Вскоре мне стало намного легче, в голове прояснилось, мышцы напружинились, и я понял, что готов к новым свершениям. Как оказалось, именно этого от меня и ждал Косорот.
– Ну что ж, – проговорил он неторопливо. – Я вижу, вы в порядке, хотя после таких игрищ можно и ребер не досчитаться. Вчера собрались старейшины и порешили вот что – за нарушение порядка ты должен отправиться по следам чужака, укравшего Блюмс. Один, заметь. За Носача не беспокойся – он отработает свое на благоустройстве поселка. Я так думаю, что будет бесплатно добывать лекарственные травы.
Косорот наконец не выдержал и горестно возопил:
– Ну какого рожна ты вздумал на берег-то выскакивать, Берни! Мало вам реки было?

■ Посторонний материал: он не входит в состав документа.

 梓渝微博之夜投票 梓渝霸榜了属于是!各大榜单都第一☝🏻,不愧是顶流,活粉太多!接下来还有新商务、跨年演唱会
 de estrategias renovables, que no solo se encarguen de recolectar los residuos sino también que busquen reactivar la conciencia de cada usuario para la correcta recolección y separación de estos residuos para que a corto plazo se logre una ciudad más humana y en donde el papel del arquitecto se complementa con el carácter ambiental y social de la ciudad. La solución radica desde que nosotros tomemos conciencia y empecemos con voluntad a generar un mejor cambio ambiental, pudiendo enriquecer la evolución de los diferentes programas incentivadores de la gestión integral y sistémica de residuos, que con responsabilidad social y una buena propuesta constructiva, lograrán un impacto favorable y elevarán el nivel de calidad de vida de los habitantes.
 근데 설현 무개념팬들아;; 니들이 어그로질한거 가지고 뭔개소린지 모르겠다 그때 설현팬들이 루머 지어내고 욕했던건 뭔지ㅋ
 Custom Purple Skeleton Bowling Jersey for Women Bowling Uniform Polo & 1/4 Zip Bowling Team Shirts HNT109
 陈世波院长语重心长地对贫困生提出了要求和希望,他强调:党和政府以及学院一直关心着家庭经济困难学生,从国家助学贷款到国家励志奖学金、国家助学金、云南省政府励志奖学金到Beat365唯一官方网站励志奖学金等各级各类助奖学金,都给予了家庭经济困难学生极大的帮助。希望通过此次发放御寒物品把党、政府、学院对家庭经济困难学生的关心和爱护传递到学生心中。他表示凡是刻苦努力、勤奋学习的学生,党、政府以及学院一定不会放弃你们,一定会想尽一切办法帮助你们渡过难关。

Я вполне понимал чувства хозяина. Лумумба была расстроена не меньше мужа и даже немножко всплакнула, утирая глаза шкуркой суслика. Хьюх сокрушенно тряс бородой, Носач выглядел удрученным.
– Не кручинься, товарищ, – отвечал я беззаботно, – расскажи мне лучше о Блюмсе. Что это за штука и кому она понадобилась?

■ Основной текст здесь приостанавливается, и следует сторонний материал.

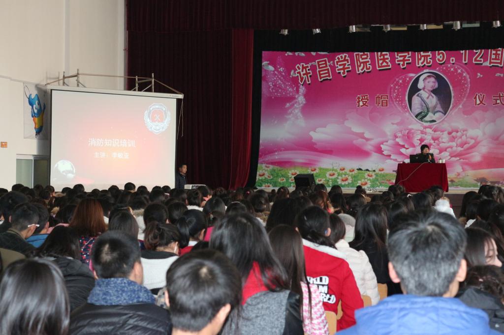 下午3:00,在医学院礼堂,开发区消防大队的李敏亚参谋向同学们进行了消防知识培训,李参谋通过具体案例讲述了火灾的危害性和火灾现场的应急处置方案。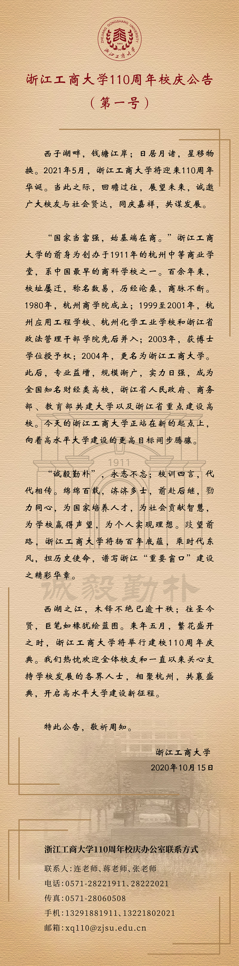 浙江工商大学110周年校庆公告(第一号)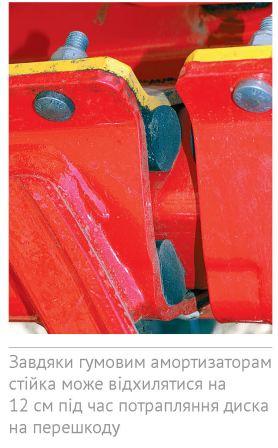 Кожна стійка диска обладнанна спеціальними гумовими амортизаторами. Коли на шляху диска культиватора трапляється будь-яка перешкода, то стійка відхиляється до 12 см і потім вертається знов на місце у робоче положення. Таким чином, і поле розпушується, і агрегат залишається цілим.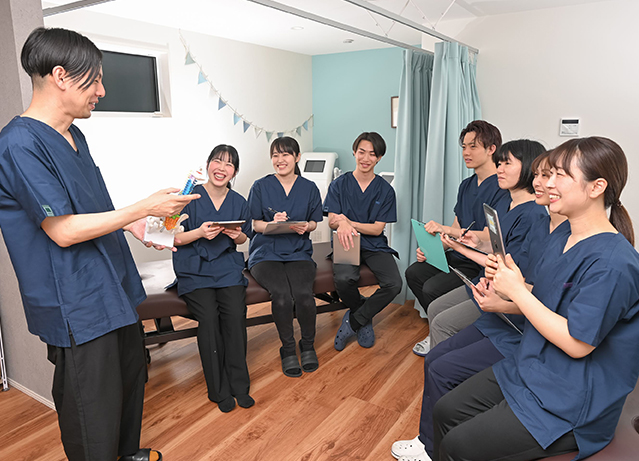 実際の施術を通じて生まれる疑問や気づきを、院内の仲間と共有し合える機会があります。学び合いながら、少しずつ力をつけていける環境です。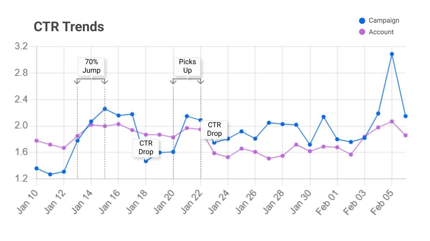 This is what the CTR graph looked like at the end of the 10-day period. The blue line traces the performance of the DABA campaign and the purple traces the account CTR over the same period. This helps track how the campaign trended with relation to the overall account performance.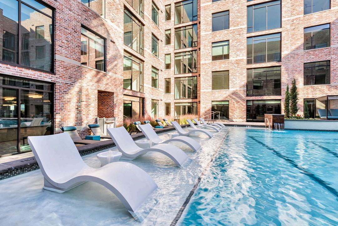 Rising land costs in Houston’s gentrifying neighborhoods are driving denser multifamily projects The Fairmont quadplex prototype can be stacked or stand-alone, with four units above a tandem parking garage. Featuring studios to 3bedrooms, the design offers high ceilings, marble counters, and lightfilled living areas, with a fitness and leasing office fronting the pool deck.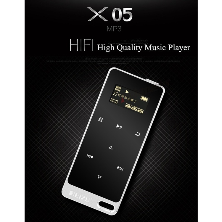 Ruizu X05 thiết kế kiểu dáng nhỏ gọn nhưng đầy chắc chắn, vỏ ngoài được làm hoàn toàn bằng hợp kim nguyên khối, kích thước tương đương với thẻ ATM 87 x 38 x 7mm, trọng lượng 45g. Màn hình tương tác cảm ứng Oled kích thước màn hình 1.1 inches. Các nút điều chỉnh cảm ứng đơn giản hóa cho người dùng.Máy nghe nhạc Ruizu X05 hỗ trợ nhiều định dạng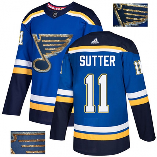 >Men's Adidas St. Louis Blues #11 Brian Sutter Authentic Royal Blue Fashion Gold NHL Jersey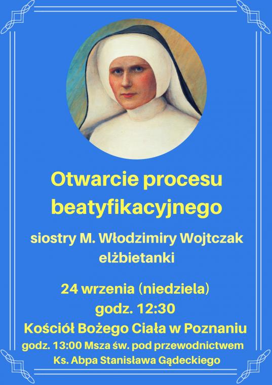 W najbliższą niedzielę, 24 września 2017 w kościele pw. Bożego Ciała w Poznaniu godz. 12:30 pierwsza sesja otwarcia procesu beatyfikacyjnego Siostry M. Włodzimiry Wojtczak na szczeblu diecezjalnym, po niej Msza św. pod przewodnictwem Ks. Abpa Stanisława Gądeckiego.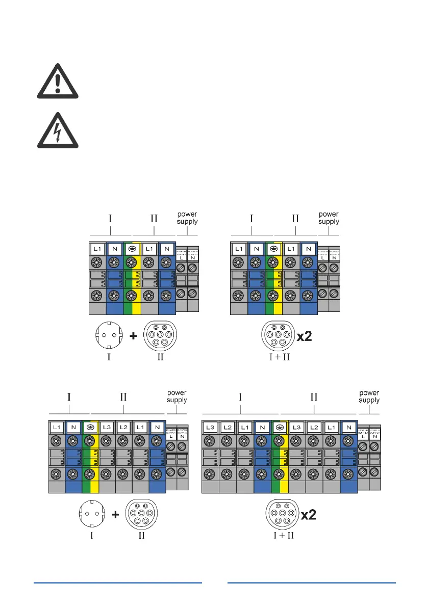 Når ladestationen er monteret på væg, udføres elektriske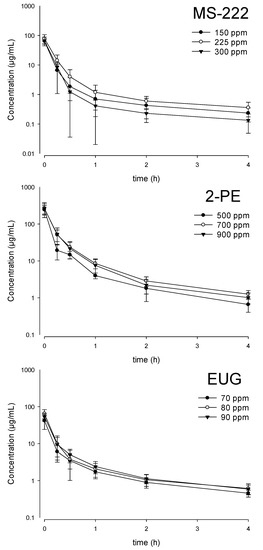 The serum concentration time profiles of the three anesthetics at the three doses after the termination of the bath administration are presented in Figure 2. Following the transfer of the fish into the recovery tanks, the serum concentration of the three anesthetics revealed a multi-exponential decay with rapid elimination. All three anesthetics decreased by more than 90% within the first hour, and at the last blood sampling time point (t = 4 h), only 0.2–0.5% of MS-222 remained in the serum. Similarly, only 0.3–0.5 and 0.9–1.1% of 2-PE and EUG remained in the serum after 4 h (data not shown). At the optimal doses, the highest serum concentration was observed in the 900 ppm 2-PE groups, followed by the 90 ppm EUG and the 300 ppm MS-222 group (Figure 3); the serum concentrations at 4 h were 1.01, 0.59, and 0.13 μg/mL, respectively.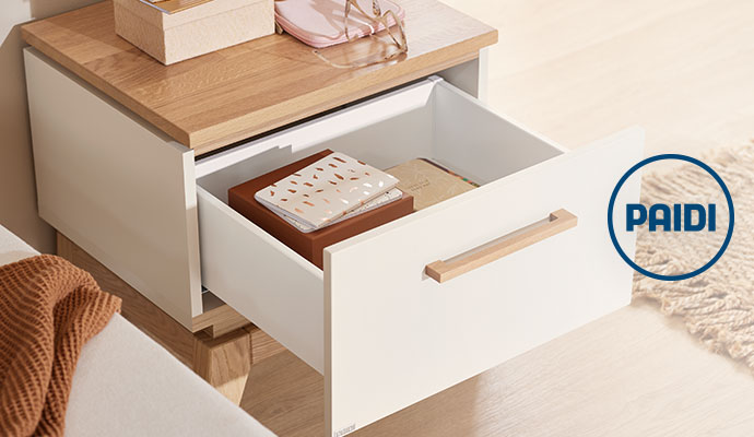 Mit seinem schicken und zugleich neutralen Skandi-Design ist das Programm Stiene von PAIDI ein Highlight für Kinder- und Jugendzimmer. Die Möbel sind in einem dezenten Cashmere-Beige gehalten und werden von Absetzungen aus Eichenholz bzw. in Eichenholz-Optik natürlich akzentuiert. Ein besonderer Blickfang sind dabei die spitzen Holzfüße im Retrostil der 50er- und 60er-Jahre.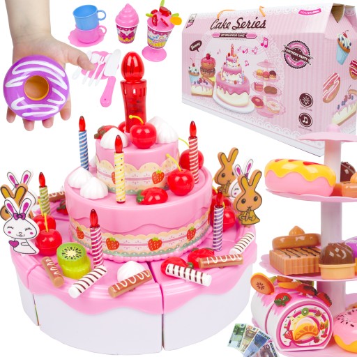 TORT URODZINOWY / ZABAWKA DLA DZIECI / KROJENIA / NA RZEPY / 125 ELEMENTÓW / KOLOR RÓŻOWY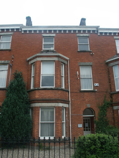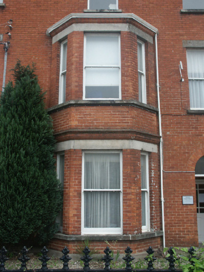 Terraced two-bay three-storey townhouse, built 1892, on a rectangular plan. Occupied, 1901; 1911. One of a terrace of eight. Pitched slate roof with clay ridge tiles, coping to gables with red brick Running bond chimney stacks to apexes having corbelled stepped capping supporting yellow terracotta pots, and cast-iron rainwater goods on decorative timber eaves boards on timber consoles on terracotta stringcourse. Red brick Running bond wall to front (south) elevation on rendered chamfered plinth; rendered surface finish (remainder). Round-headed door opening (east) with cut-granite step threshold, and red brick voussoirs centred on cut-granite keystone framing timber panelled door having overlight. Square-headed window openings with cut-granite sills, and cut-granite lintels framing one-over-one timber sash windows. Set back from line of street with cast-iron colonette piers to perimeter having polygonal capping supporting crocketed cast-iron gate.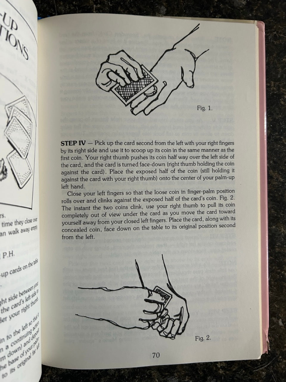 Deja Vu (Mike Giles, Pat Snowden, Dana Betz, Paul Harris): Four half dollars placed in the hand disappear and reappear underneath four cards on the table.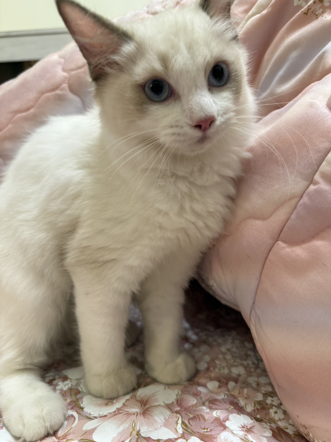 3-month-old ragdoll cat and 5-year-old black Shiba Inu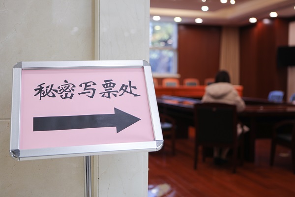 投票站內(nèi)氣氛莊重嚴(yán)肅、設(shè)置井然有序。五星紅旗鮮艷奪目,懸掛正中,三個(gè)投票箱呈品字型端立前方,票箱上鑲嵌的國(guó)徽熠熠生輝,驗(yàn)證處、領(lǐng)票處、寫票處、秘密寫票處分區(qū)設(shè)置,印有三名正式代表候選人基本情況的展板擺放醒目,方便選民了解情況。

– Темная история. Одно время жил у нас парень, чужак вроде тебя, который считал себя самым умным, – неохотно ответил Косорот, зачем-то понижая голос. – Впрочем, он действительно кое в чем разбирался. Один пример – медная посуда, он первым ее выковал.
Охотник продолжал почти шепотом:
– Он ушел за несколько дней до твоего появления и прихватил с собой священный Блюмс, который он сам же и изготовил из меди – так он называл это звонкое и гибкое вещество. Прежний был просто камнем, почти раскрошившимся от жара. Короче, в конце этой весны Тан отправился в лес, как он не раз делал, однако не вернулся. На другой же день выяснилось, что Блюмс исчез. Бруко повздыхал да и выкатил из пещеры свой прежний, каменный. По правде говоря, я не совсем понимаю, зачем старейшинам нужен этот чужак с его поделкой, ну да это уже не моя забота.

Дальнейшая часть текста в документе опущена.